# FreeSWAN VPN Server

## Bender007

Hi ho 

ich wollte mir einen VPN Server aufsetzten und benutze freeswan. Im Kernel sollten eigentlich alle module eingebunden sein allerdings steig ich durch die konfiguration nicht durch und hab bis jetzt noch kein anständiges howto gefunden...

Wie geht man bei so einer VPN installation vor?

Der start von ipsec funzt einwandrei:

./ipsec start

ipsec_setup: Starting FreeS/WAN IPsec 1.99...
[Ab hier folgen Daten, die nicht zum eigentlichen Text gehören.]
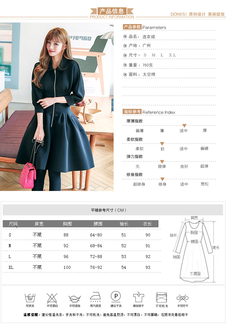 S:バスト88 ウエスト64-80 袖丈51 着丈 90
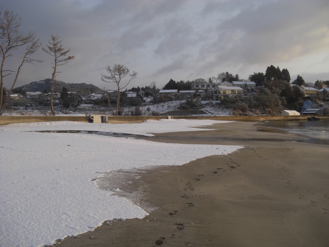 小田の浜海水浴場の浜の前、高台に再建し営業を再開。
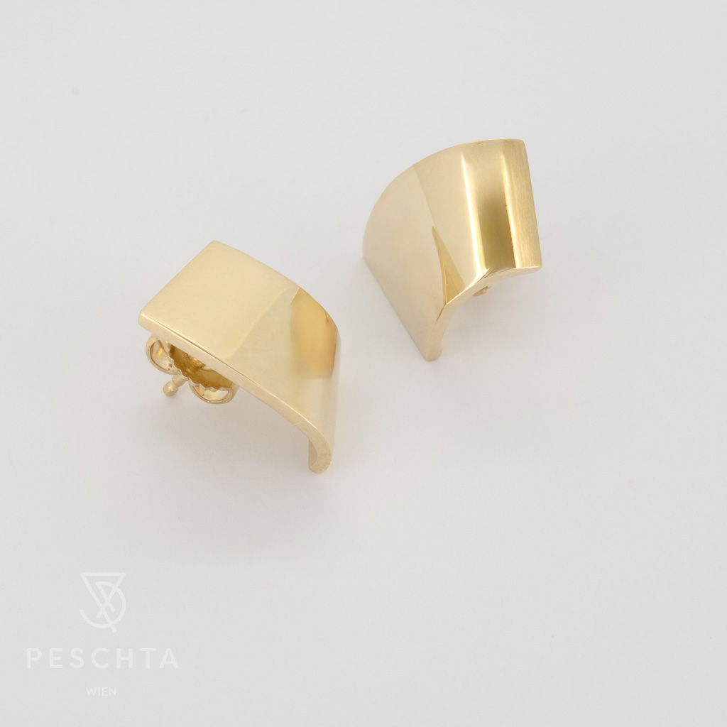 Geschwungene Ohrstecker aus 14 Karat Gelbgold Breite: 1 cm x Höhe: 1,3 cm

ipsec_setup: Using /lib/modules/2.4.20-gentoo-r5/kernel/net/ipsec/ipsec.o

ipsec verify meldet mir allerdings folgenenden fehler:

....

Checking your system to see if IPsec got installed and started correctly

Version check and ipsec on-path                             Checking your system to see if IPsec got installed and star$

Version check and ipsec on-path                             [OK]

Checking for KLIPS support in kernel                        [FAILED]

Checking for RSA private key (/etc/ipsec/ipsec.secrets)     [OK]

Checking that pluto is running                              [FAILED]

DNS checks.

Looking for forward key for matrix                          [FAILED]

Looking for KEY in reverse map: 146.239.84.217.in-addr.arpa [FAILED]

Does the machine have at least one non-private address      [OK]

Usage: ipsec setup {--start|--stop|--restart|--status}

Usage: ipsec setup {--start|--stop|--restart|--status}

Usage: ipsec setup {--start|--stop|--restart|--status}

Usage: ipsec setup {--start|--stop|--restart|--status}

Usage: ipsec setup {--start|--stop|--restart|--status}

/usr/lib/ipsec/verify: line 96: host: command not found

/usr/lib/ipsec/verify: line 128: host: command not found

...

und das geht ein paar seiten so weiter...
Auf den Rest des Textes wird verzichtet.